[Collected data]
▼

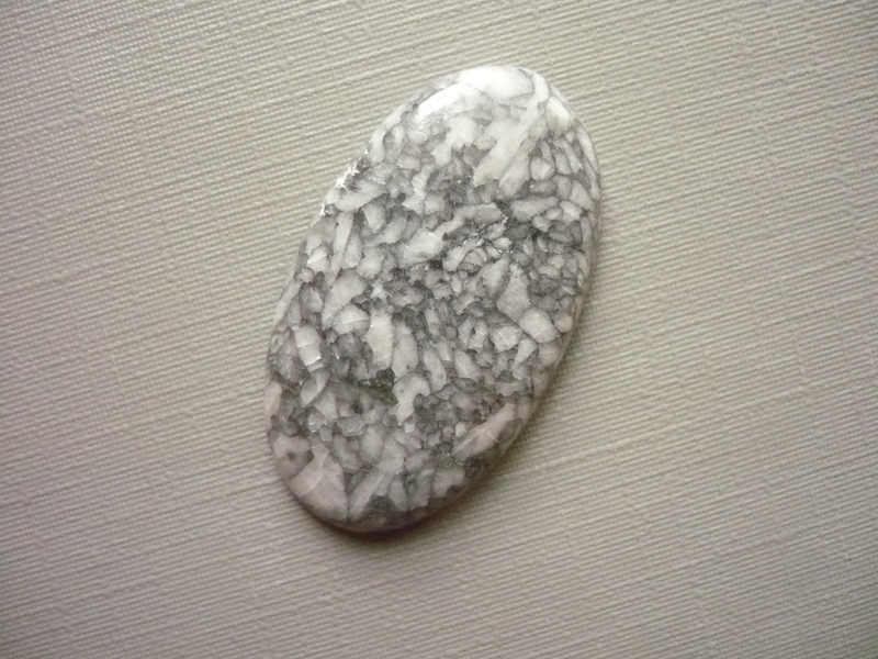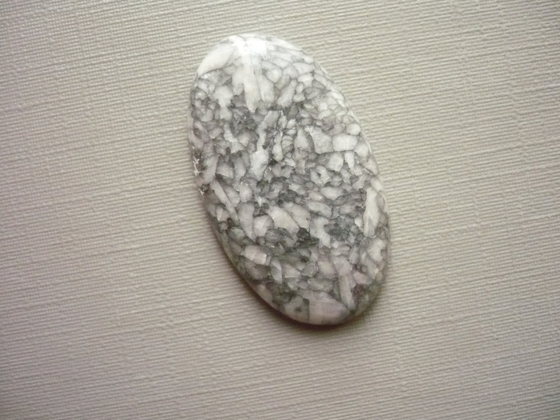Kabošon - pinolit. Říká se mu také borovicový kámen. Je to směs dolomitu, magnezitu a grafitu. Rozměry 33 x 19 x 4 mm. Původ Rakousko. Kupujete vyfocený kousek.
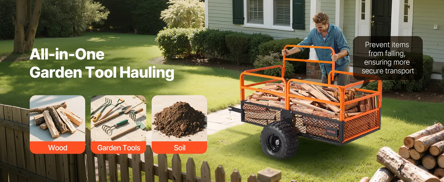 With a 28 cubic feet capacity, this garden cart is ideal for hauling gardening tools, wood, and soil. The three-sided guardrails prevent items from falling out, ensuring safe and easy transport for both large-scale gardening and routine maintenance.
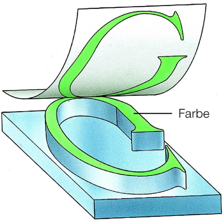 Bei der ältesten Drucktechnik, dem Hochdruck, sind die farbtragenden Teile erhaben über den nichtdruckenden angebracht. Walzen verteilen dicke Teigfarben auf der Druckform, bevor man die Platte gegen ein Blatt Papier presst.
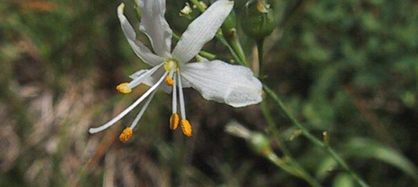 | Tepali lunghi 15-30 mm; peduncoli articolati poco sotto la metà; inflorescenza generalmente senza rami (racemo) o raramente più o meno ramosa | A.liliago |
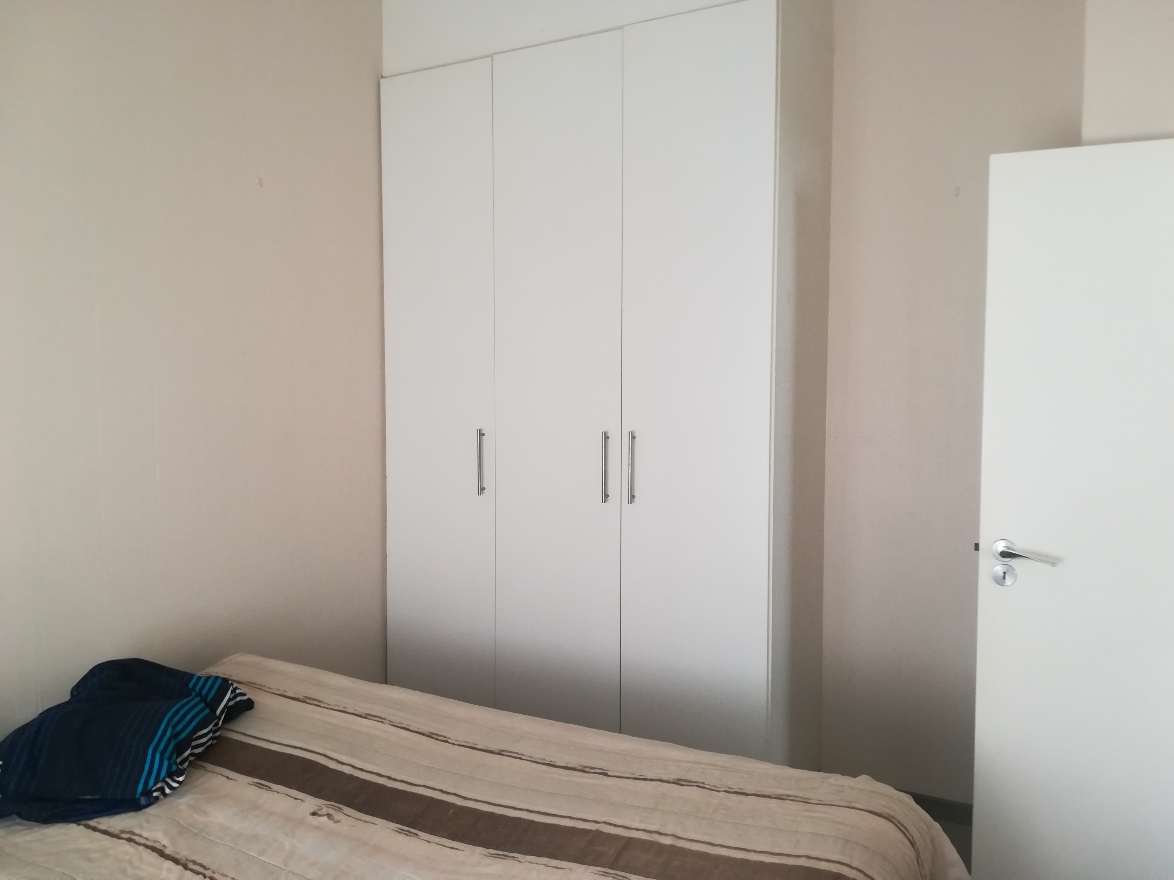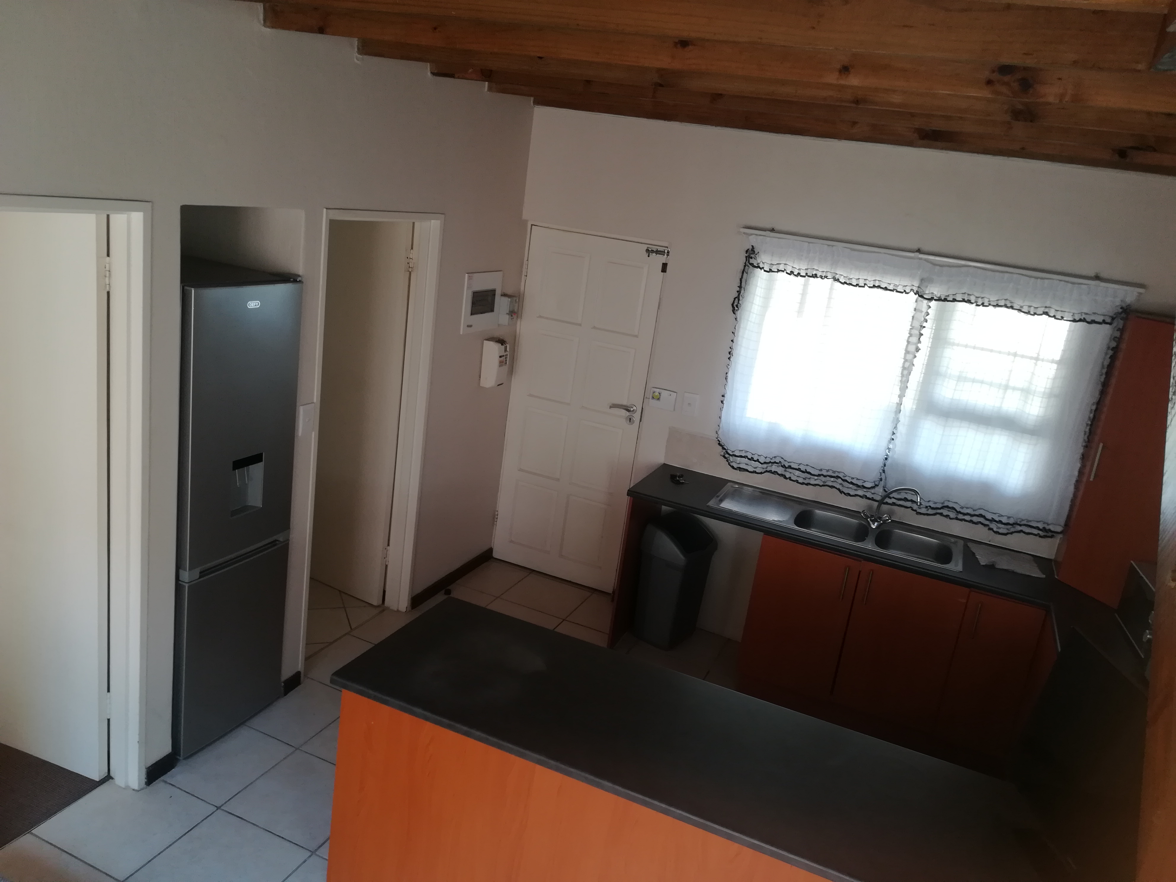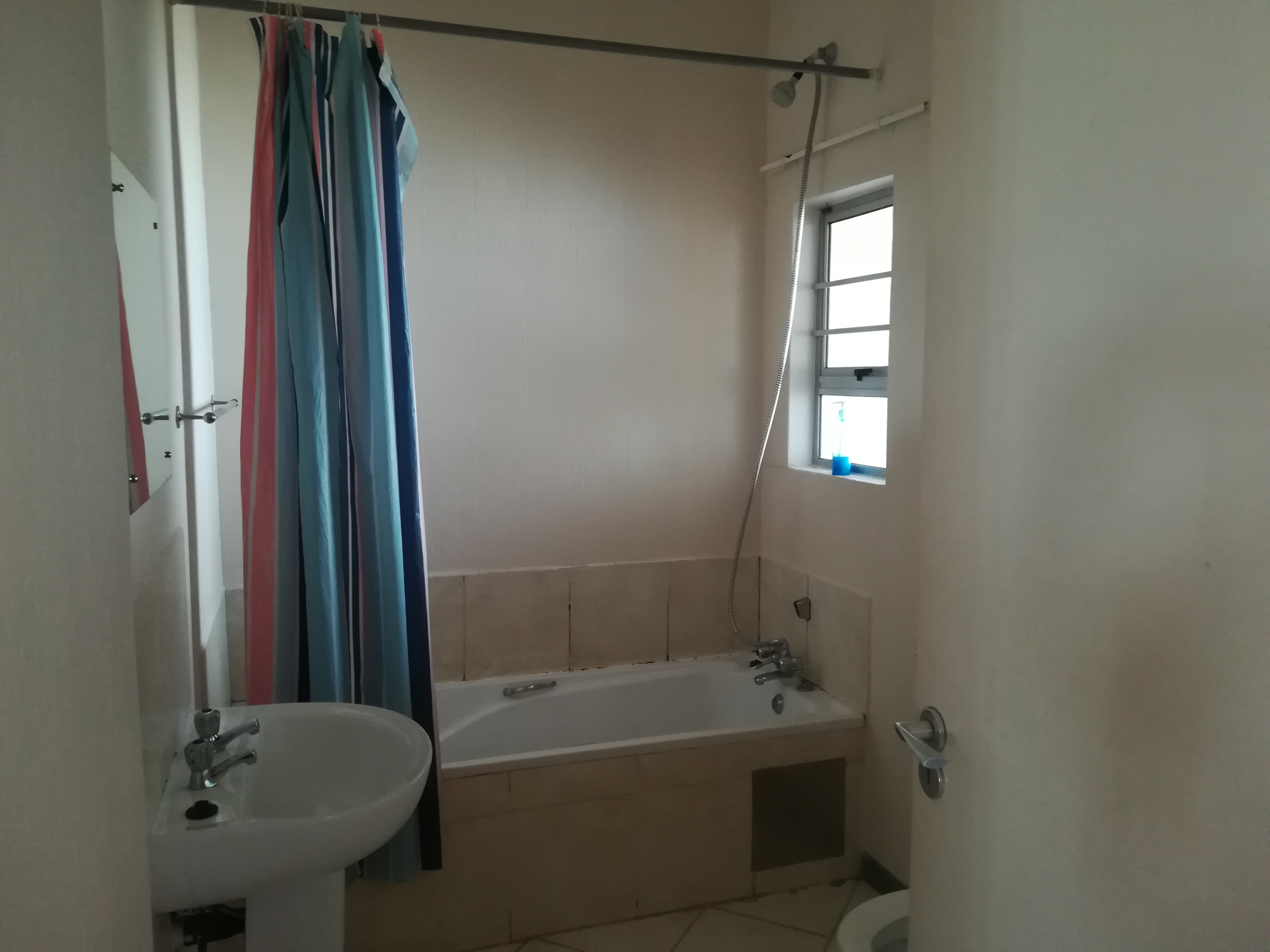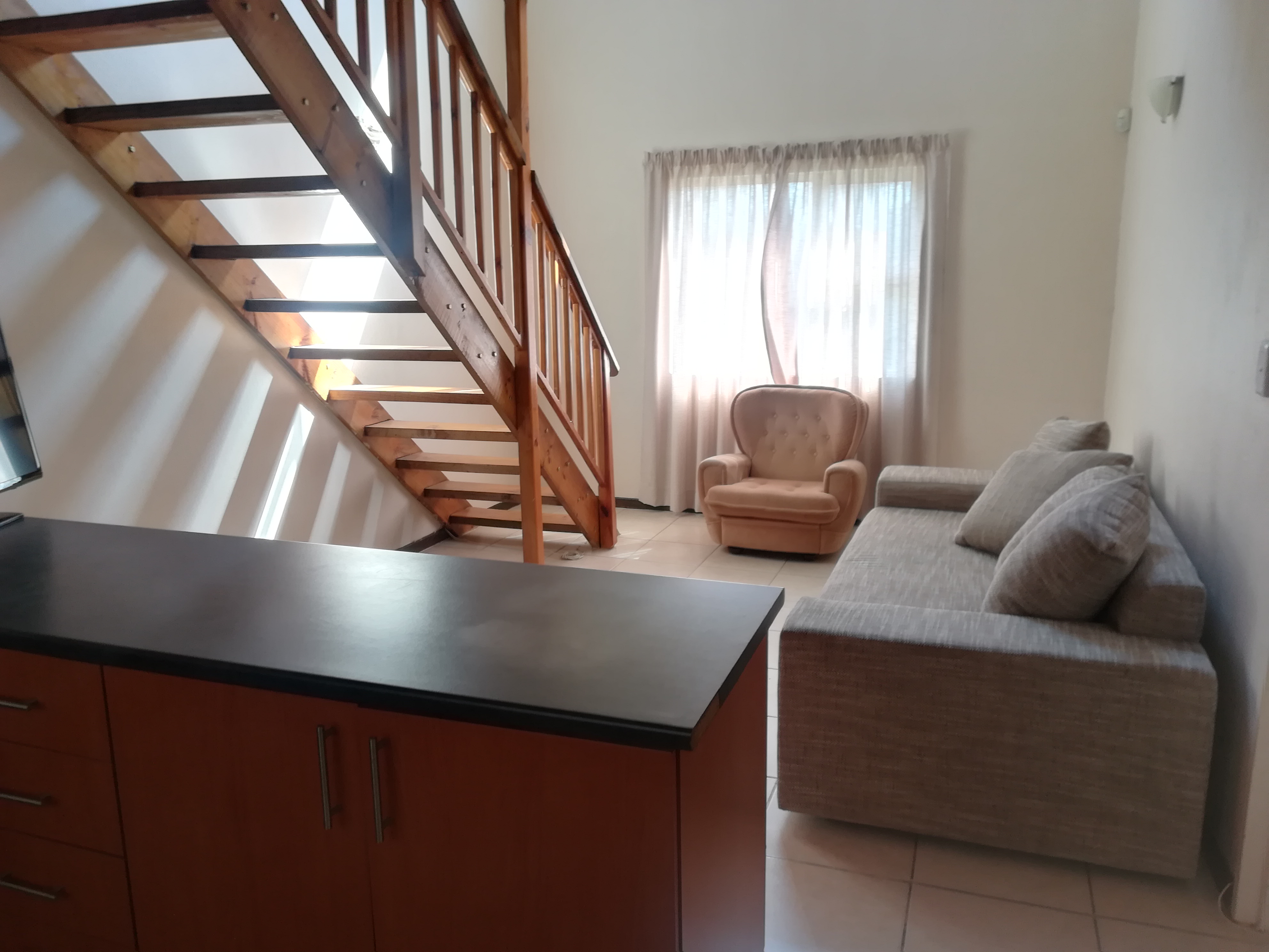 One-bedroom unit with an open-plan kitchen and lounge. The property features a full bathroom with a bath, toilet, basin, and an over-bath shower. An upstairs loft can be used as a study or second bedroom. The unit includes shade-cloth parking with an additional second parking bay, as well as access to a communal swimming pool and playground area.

▲

What you need to do: The records above need retyping in full. Omit the pictures, and change nothing else.

Answer area:
Kabošon - pinolit. Říká se mu také borovicový kámen. Je to směs dolomitu, magnezitu a grafitu. Rozměry 33 x 19 x 4 mm. Původ Rakousko. Kupujete vyfocený kousek.
 With a 28 cubic feet capacity, this garden cart is ideal for hauling gardening tools, wood, and soil. The three-sided guardrails prevent items from falling out, ensuring safe and easy transport for both large-scale gardening and routine maintenance.
 Bei der ältesten Drucktechnik, dem Hochdruck, sind die farbtragenden Teile erhaben über den nichtdruckenden angebracht. Walzen verteilen dicke Teigfarben auf der Druckform, bevor man die Platte gegen ein Blatt Papier presst.
 | Tepali lunghi 15-30 mm; peduncoli articolati poco sotto la metà; inflorescenza generalmente senza rami (racemo) o raramente più o meno ramosa | A.liliago |
 One-bedroom unit with an open-plan kitchen and lounge. The property features a full bathroom with a bath, toilet, basin, and an over-bath shower. An upstairs loft can be used as a study or second bedroom. The unit includes shade-cloth parking with an additional second parking bay, as well as access to a communal swimming pool and playground area.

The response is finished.